Although we have everything we ever wanted we argue a lot about bollocks and constantly play the "I'm not saying you aren't tired, but i'm way more tired than you" game. Sometimes I love him to death, sometimes I loathe him.

Yep, this is definitely us. Especially the last sentence Grin DS is 18 months and I feel like we're just slowly starting to come out of the fog in lots of ways.....

mindutopia · 22/04/2018 21:44

I would say so far 2 is much easier than 1 the first time around. But I think a big age gap makes all the difference. Our first was 5 when we had our 2nd so it’s been much easier than I think it would have been if she were younger. But also situational too. Life in general is easier for us now than in the past. We’ve done 2 years apart due to immigration issues. We’ve done a big international move. We’ve gone through hell with extended family members having problems. In comparison, a 2nd dc wasn’t nearly as overwhelming and in fact, it’s been easier than the first time around, but I think every situation is different and I can always totally see how it could have been harder.

kiwigeekmum · 22/04/2018 21:44

Probably the first 2 years our 2nd DC were pretty tough.
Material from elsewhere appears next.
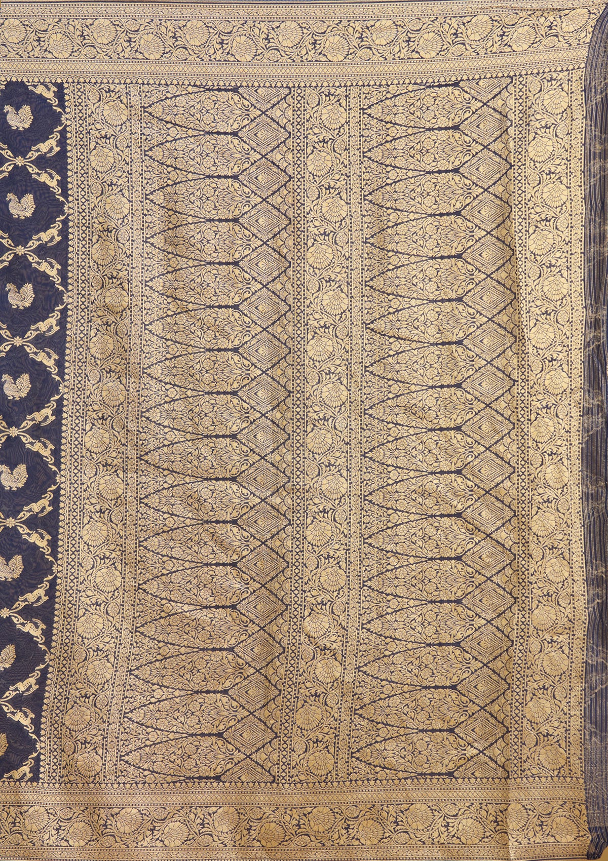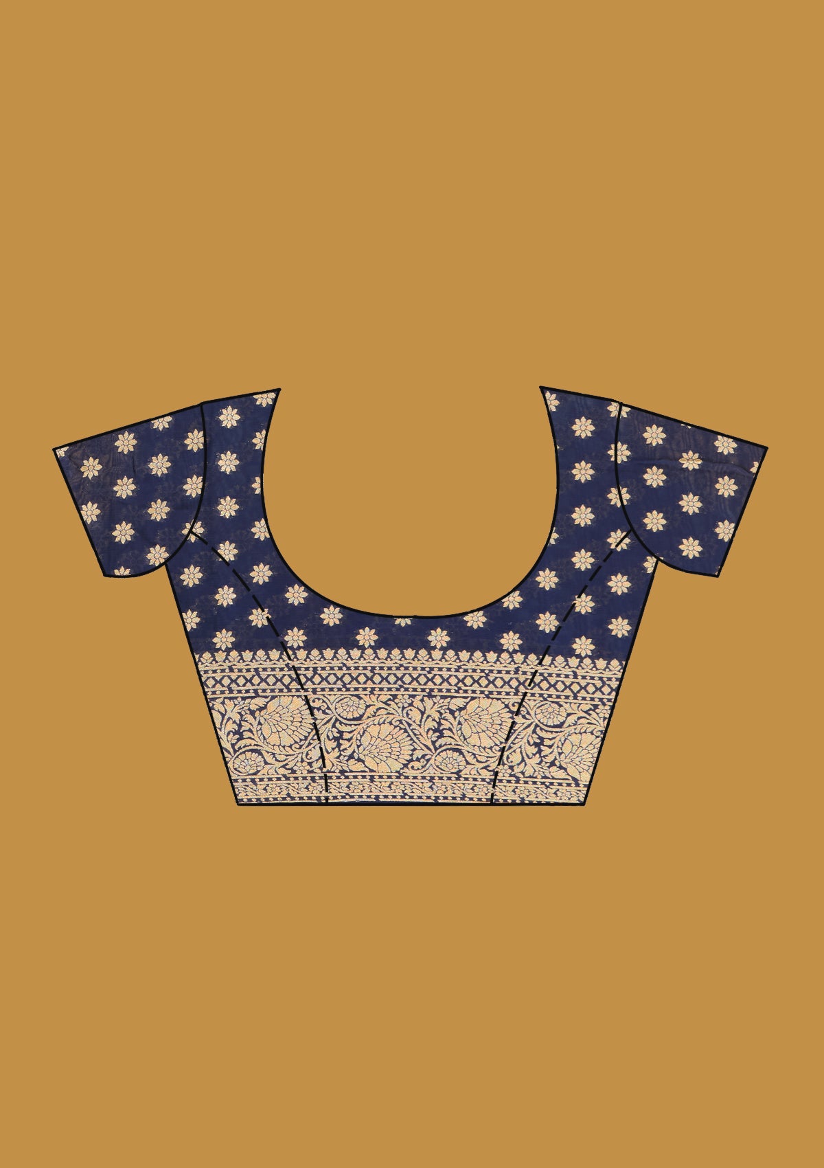Navy Blue Silk_Saree in Satin fabric. The Silk_Saree is elevated with Zariwork embroidery. It comes with an Unstitched blouse. Comes with the Koskii promise of premium quality.

I had PND & our daughter wasn’t a good sleeper. Kids are 3 & 5 now and we are so much happier and life is getting better all the time.

On the one hand, you do need to give your husband and yourself loads of grace. This is a normal and reasonable reaction to exhaustion and sleep deprivation.

On the other hand, if you want your marriage to last you may need to invest some extra time/attention/resources to it. Maybe get some counseling, and if possible leave the kids with Grandma for a weekend and get away together.

Good luck!!!

sausagedogsmakechipolatas · 22/04/2018 21:45

Was true for us. So much so, I moved out for a year when the second was a year old, with the children. That time apart was really what saved us though - we’re very much solid now.

SunnyL · 22/04/2018 21:45

Yes for us our 2nd DDs birthday was a celebration that we were still together and still alive. Her 2nd birthday was an actual birthday.

It was PND for me that fucked us royally. Poor DH bore the brunt of it with huge amounts of compassion.

Mustardnowletsnotbesilly · 22/04/2018 21:50

Its funny I had PND with our DS, But this time round I have felt fine, I took ADs for the first 5 months as it was so bad the first time, just incase. DH was amazing when I had PND. I am lucky with him in someways. Might go and give him a hug.